_TASK_
The lines to print run from the top of the material below to the line with "- Myyntipakkauksen sisältö: EOS", inclusive; please copy them exactly, without pictures.

= = = =

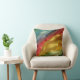 This stylish pillow features a photo of multi-coloured fabric reminiscent of a rainbow. The colours shade from green to blue to red to golden yellow, and back to green. The design is on both sides.
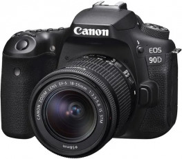 - Myyntipakkauksen sisältö: EOS 90D kamerarunko, akku, akkulaturi, 18-55 mm objektiivi, kaulahihna.
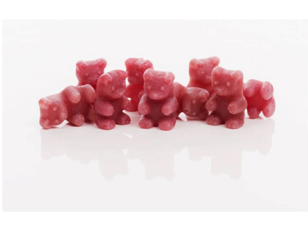 Složení: glukózový sirup, voda, želatina, cukr, bílá hroznová šťáva koncentrát, aroma, extrakt z bílého čaje1%, rostlinné extrakty: batáty, jablko, ředkev, třešeň,vosk, ovocný koncentrát: koncentrát jablečné šťávy, meruňková šťáva koncentrát, hrušková šťáva koncentrát
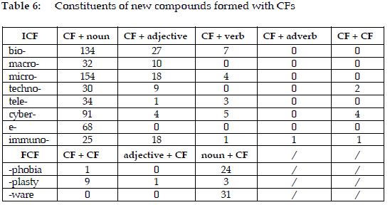Table 6 illustrates the compounding of CFs with other constituents, with the "CF + noun" construction dominating across all ICFs. Bio- forms 134 noun compounds, while micro- and cyber- contribute 154 and 91, respectively. Though "CF + adjective" and "CF + verb" constructions appear, they are less frequent, and the "CF + adverb" construction occurs only once in immunoelectrophoretically. Some ICFs, such as techno-, cyber-, and immuno-, also form "CF + CF" constructions. As for the FCFs, -phobia mainly forms "noun + CF" constructions and the only -phobia compound in the form of "CF + CF" is coronophobia. The dominant construction of -plasty is "CF + CF". Compounds formed with -ware exclusively use the "noun + CF" construction.
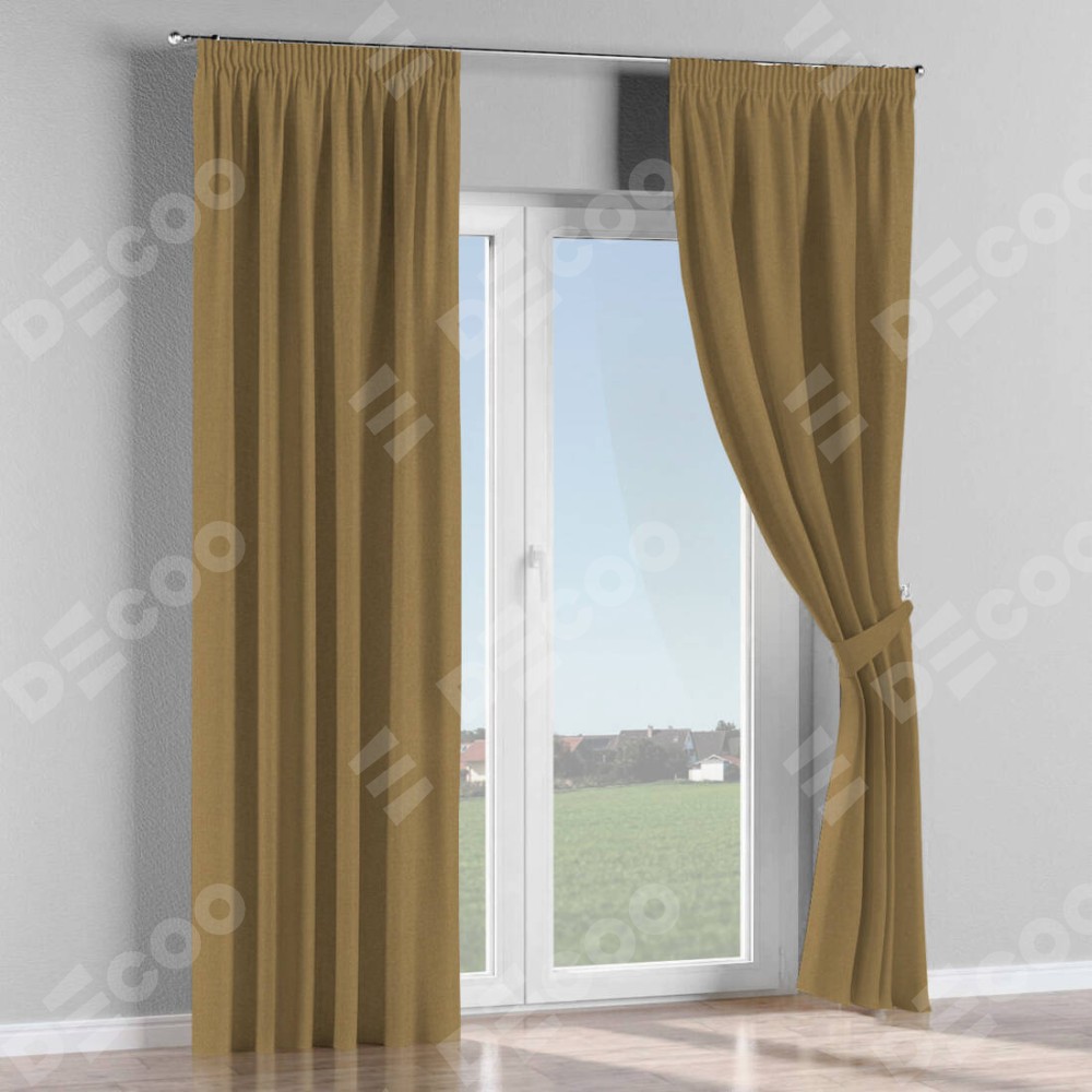 Комплект прямых штор, от производителя «Cortin», пошиты из ткани лён димаут оливковый, артикул ткани 16243. С изнаночной стороны в верхней части штор пристрачивается шторная лента с декоративными складками «Карандаш». Для создания элегантных складок прямые шторы шьются по стандарту с коэффициентом 1:2 (на 100 см. ширины проёма 200 см. ширины ткани).
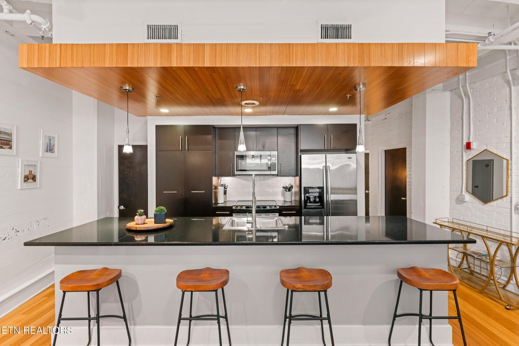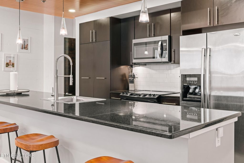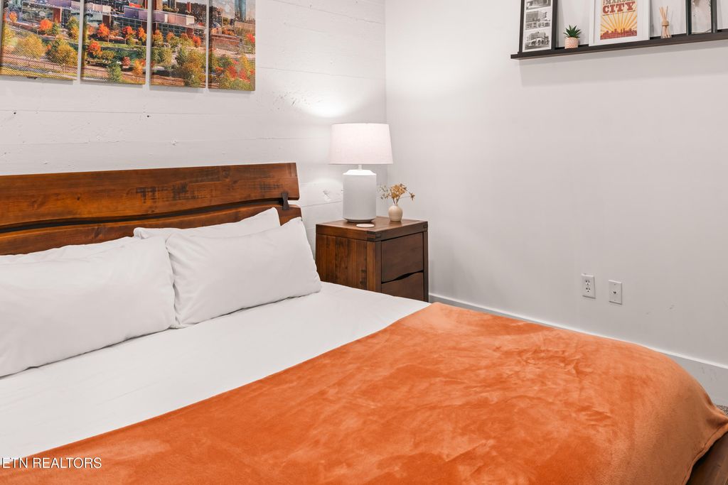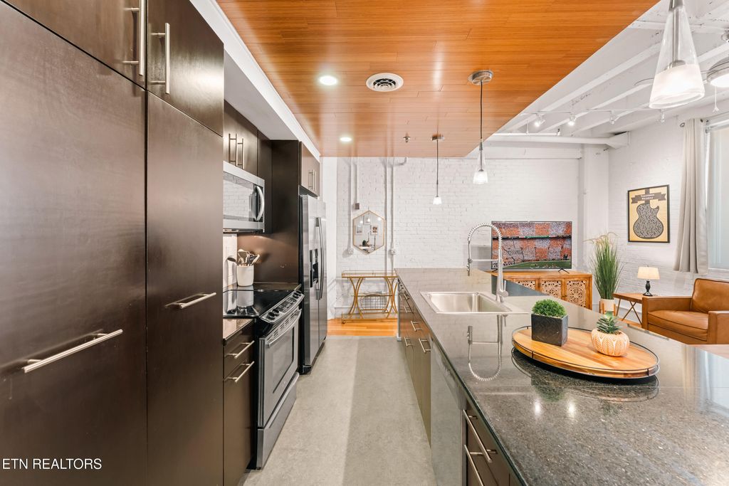 Experience urban living in the heart of Knoxville's historic Jackson Avenue Warehouse District with this captivating 1-bedroom, 1-bath condominium in the iconic Southeastern Glass Building. Boasting soaring 9'+ ceilings and wood flooring throughout, the open-plan interior invites you into a bright, contemporary space that blends original character with modern finishes. The kitchen features custom cabinetry, sleek granite countertops, and a central island, perfect for casual meals and entertaining. A full suite of stainless-steel appliances and generous cabinet space elevate everyday living. Retreat to the main-level primary bedroom and spa-inspired full bath, with thoughtful design and quality finishes. This unit also includes an attached private garage or flex space, offering exceptional convenience and secure parking/bonus storage "” a rare find in downtown condo living. Residents enjoy private access from the alley, secure building entry with elevator access. Location is truly unbeatable: just steps to Balter Beerworks, Sweet P's BBQ, Old City shops and nightlife, and Market Square attractions "” all within easy walking distance. Whether you're seeking an owner-occupied urban home or a distinctive investment opportunity, this stylish condo delivers the perfect combination of historic charm, modern amenities, and downtown lifestyle. Buyer to verify all information.
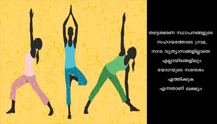 വിവിധ എൻ.ജി.ഒ.കൾ, യോഗ അസോസിയേഷനുകൾ, സ്പോർട്സ് കൗൺസിൽ എന്നിവരുടെ സഹകരണം ഉറപ്പാക്കും. തദ്ദേശഭരണ സ്ഥാപനങ്ങളുടെ സഹായത്തോടെ ഗ്രാമ, നഗര വ്യത്യാസങ്ങളില്ലാതെ എല്ലായിടങ്ങളിലും യോഗയുടെ സന്ദേശം എത്തിക്കുക എന്നതാണ് ലക്ഷ്യം. യോഗ ജീവിതചര്യയുടെ ഭാഗമാക്കുന്നതിന് ആയുഷ് വകുപ്പ് വലിയ പ്രാധാന്യം നൽകി വരുന്നു. ആയുഷ് വകുപ്പിന്റെ കീഴിലുള്ള 593 സ്ഥാപനങ്ങളിൽ യോഗ പരിശീലകരെ നിയമിച്ചിട്ടുണ്ട്. കൂടുതൽ വിവരങ്ങൾക്ക് ayushyogaclub@gmail.com എന്ന മെയിലിൽ ബന്ധപ്പെടുക.
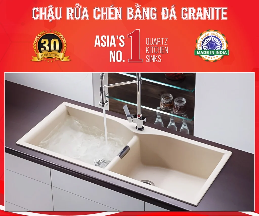 Chậu Rửa Chén Carysil LAC1 - 80% Bột Đá Granite Tự Nhiên - Hàng Chính Hãng
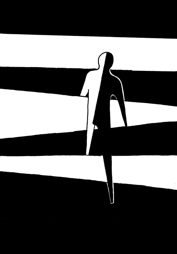 J’étais assis à mon bureau, comme d’habitude, comme tous les jours de la semaine. Mon métier n’est pas spécialement épanouissant mais il a le mérite d’être régulier et stable. Personne ne me chassera de ma place, je suis le seul à décider si je veux la quitter ou pas. Cependant, on m’a prévenu, je n’aurais qu’une seule cartouche : si je pars, ce sera définitif, je ne pourrais plus jamais revenir, d’aucune façon, sous aucun prétexte. L’entreprise me considérera, en substance, comme un traître, quelqu’un d’indésirable, peut être même de méprisable, en tous cas qui n’a plus sa place au sein de la communauté. Il m’en faudra alors trouver une autre, de communauté ou bien apprendre à vivre sans, ce qui paraît terrible. Mais. J’ai quand même ce choix. J’étais assis donc à mon bureau ce matin là. J’avais assez mal dormi, comme d’habitude mais cette fois encore moins bien qu’à l’ordinaire. Des cauchemars m’avaient hantés. Un en particulier : Je rentrais à la maison après une journée de travail et ma femme m’ouvrait la porte. Impossible néanmoins d’entrer. Chaque pas que je faisais me maintenait sur place ou pire m’éloignait d’elle et de la maison, comme si je marchais sur un tapis roulant en sens inversé. De toutes la force de mes muscles et de ma volonté je tentais de m’opposer au cours du tapis mais rien n’y faisait, je restais à cette distance ténue entre l’entrée et la sortie. Ma femme quand à elle ne semblait pas se rendre compte de ma situation. Elle me souriait et attendait que j’entre. J’essayais alors de crier pour attirer son attention mais aucun son ne sortait de ma gorge. Je tendais les bras pour tenter de la toucher mais le bout de mes doigts dépliés au maximum ne parvenait qu’à effleurer l’étoffe de son vêtement. Comme elle continuait de sourire fixement, je la scrutais dans le fond des yeux et je découvrais alors qu’elle n’était pas humaine, qu’il s’agissait d’une machine. La terreur m’envahissait soudain et je m’éveillais. Je fis plusieurs autres cauchemars durant la nuit mais celui ci m’a marqué car je ne suis pas marié. Je n’ai même pas de petit.e ami.e. Bref, ce matin en arrivant au travail, j’étais assez fatigué et perturbé. Je me suis plongé dans mes dossiers ce qui a eu pour effet de me distraire de toutes les fantaisies auxquelles mon esprit s’était livré durant la nuit. Peu à peu, le café aidant, j’ai repris complètement assise en moi même. J’en étais à mon troisième dossier quand mon avant bras droit s’est enfoncé dans le bureau. Enfoncé, comme dans du beurre. J’ai perdu l’équilibre et j’ai failli tomber. Je me suis alors redressé d’un bond, extirpé du bureau et j’ai jeté un œil discret alentours. Mes collègues de l’open space n’avaient rien remarqué, ils étaient toustes à leur besogne et personne ne me prêtait attention. J’étais donc debout devant mon bureau que je regardais. Il s’était refermé et nulle trace ne restait du tour qu’il venait de me jouer. J’entamais le mouvement de me rasseoir et pliais pour ce faire les genoux lorsque je sentis que le sol sous mes pieds s’enfonçait, que mes chaussures y imprimaient leur emprunte. J’eus peur alors que, tout comme le bureau, le sol n’essaye de m’absorber et je m’arrachai violemment à la situation en sautant d’un pied sur l’autre. Durant le temps que j’étais en action, mes pieds se maintenaient en surface du sol mais dès que je m’immobilisais, le sol m’aspirait à nouveau. Je me sentis en danger. Je compris que j’étais confronté à une situation de vie ou de mort et sans plus réfléchir je m’élançais. De mes bras j’écartais les obstacles sur mon passage: corbeilles à papiers, chaises sur roulettes, chariots à dossier. Dans un bruit d’apocalypse métallique, les étagères s’écroulaient sur mon passage Dans mon élan, je fonçai dans la vitre séparant les box de travail et en traversai un puis un second , un troisième. Tous les collègues s’étaient levés. Pétrifiés, ils assistaient à ce prodige : Un homme qui perçait la matière, qui la traversait. J’avais transpercé à peu près tout l’open space quand le responsable du service se plaça en travers de ma route pour tenter de me contenir. J’hésitais un instant mais mes pieds commencèrent à s’enfoncer aussitôt dans le sol. Alors d’un pas décidé, je le traversai aussi et me retrouvai de l’autre côté de lui. J’avais éprouvé une sensation froide au contact de sa matière, comme de plonger une main dans une gélatine froide. Je pivotai sur moi même pour faire face aux visages médusés des employés de l’entreprise. Je sus à leur regard que plus jamais je ne ferais partie de leur communauté et, dans le même temps, je sentis mes chaussures s’enfoncer dans le sol. Je leur tournais alors le dos et me retrouvais face à un mur de briques. Sans hésiter mais le cœur battant je me dirigeai droit sur lui bras tendus vers l’avant. Au contact de la brique, mes doigts se replièrent comme des pelles et se mirent à creuser. Avec des grands mouvements, d’avant vers l’arrière, comme un nageur de crawl qui aurait nagé debout, j’expulsais les briques vers l’arrière, éprouvant une jubilation secrète, je l’avoue, à m’imaginer cette pluie inattendue sur le chef de service, là bas derrière, dans l’open space saccagé. De l’autre côté du mur, passait en colimaçon, un tronçon de l’escalier de service. Je le descendis à toute vitesse, la main gauche glissant sur la rampe puis, arrivé au rez de chaussée, traversai une porte de fer et me retrouvais dehors, sur le trottoir de la rue principal. Il faisait grand soleil. Je me sentis, d’un coup, extrêmement joyeux et j’avais faim. Je sautillais d’un pied sur l’autre, le temps de réfléchir à ma nouvelle situation. Ma joie retomba. Qu’al
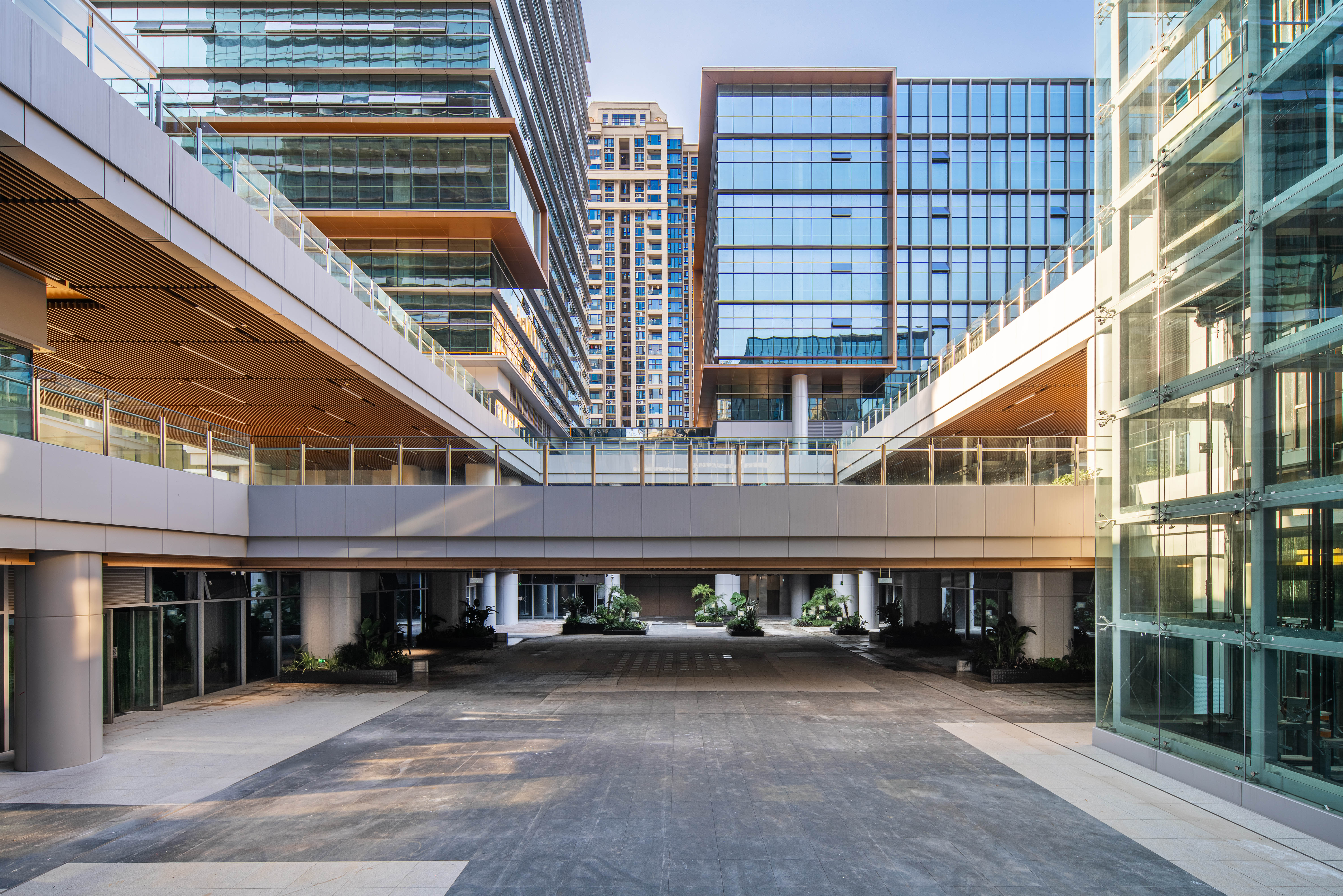 四栋办公塔楼围合,在基地内部形成了一个以立体的步行空间为主导的下沉式商业广场和城市花园,建筑内部如会议洽谈、发布会、艺术装置等多种功能与城市联系起来,多元化的业态承载着丰富的城市场景。
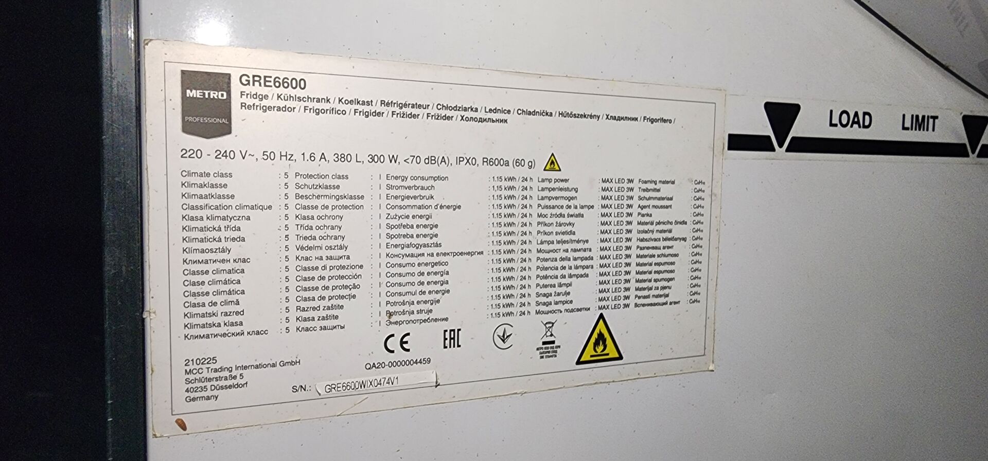 1 armoire réfrigérée positive METRO GRE6600 380 L 78 x 73 x 193 cm
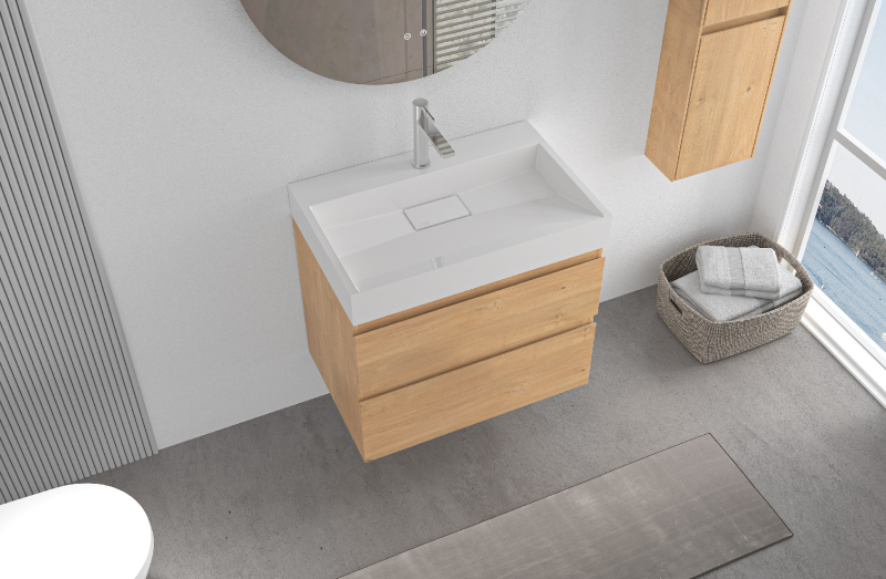 Koupelnové skříňky jsou vyrobeny z MDF lamina (středně hustá dřevovláknitá deska) s nalisovanou melaminovou fólií, která je odolná vůči vlhkosti, poškrábání, UV záření a běžným čisticím prostředkům. Povrch je hladký, tvrdý, homogenní a snadno se čistí. MDF desky se nekroutí jako masivní dřevo. Pokud dojde k mechanickému narušení laminace, samotné MDF jádro může navlhnout.
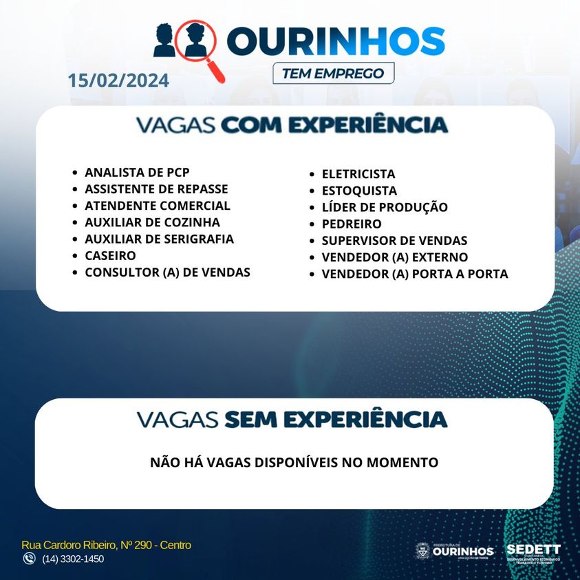 Notícias Vagas de Empregos OPORTUNIDADES DE EMPREGO EM OURINHOS E REGIÃO – 15/02… Chavantes Notícia 13 de fevereiro de 2024 1 min read Aqui estão as últimas oportunidades de emprego disponíveis na cidade de Ourinhos e arredores. Se você está em busca de novas oportunidades profissionais, confira as vagas no anúncio em tela. . Contato: (14) 3302-1450 Continue Reading Previous: TRAGÉDIA HOMEM MATA ESPOSA ASFIXIADA E COMUNICA OS FAMILIARES DA MULHER QUE ELA COMETEU SUICÍDIO PORQUE ESTAVA POSSUÍDA.Next: VEJA CRONOLOGIA USADA PELA PF PARA CONFIRMAR VERSÃO DE CID SOBRE GOLPE
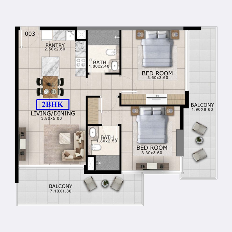 • 2 Bedrooms

= = = =

_REPLY TO THE EXERCISE_
 This stylish pillow features a photo of multi-coloured fabric reminiscent of a rainbow. The colours shade from green to blue to red to golden yellow, and back to green. The design is on both sides.
 - Myyntipakkauksen sisältö: EOS 90D kamerarunko, akku, akkulaturi, 18-55 mm objektiivi, kaulahihna.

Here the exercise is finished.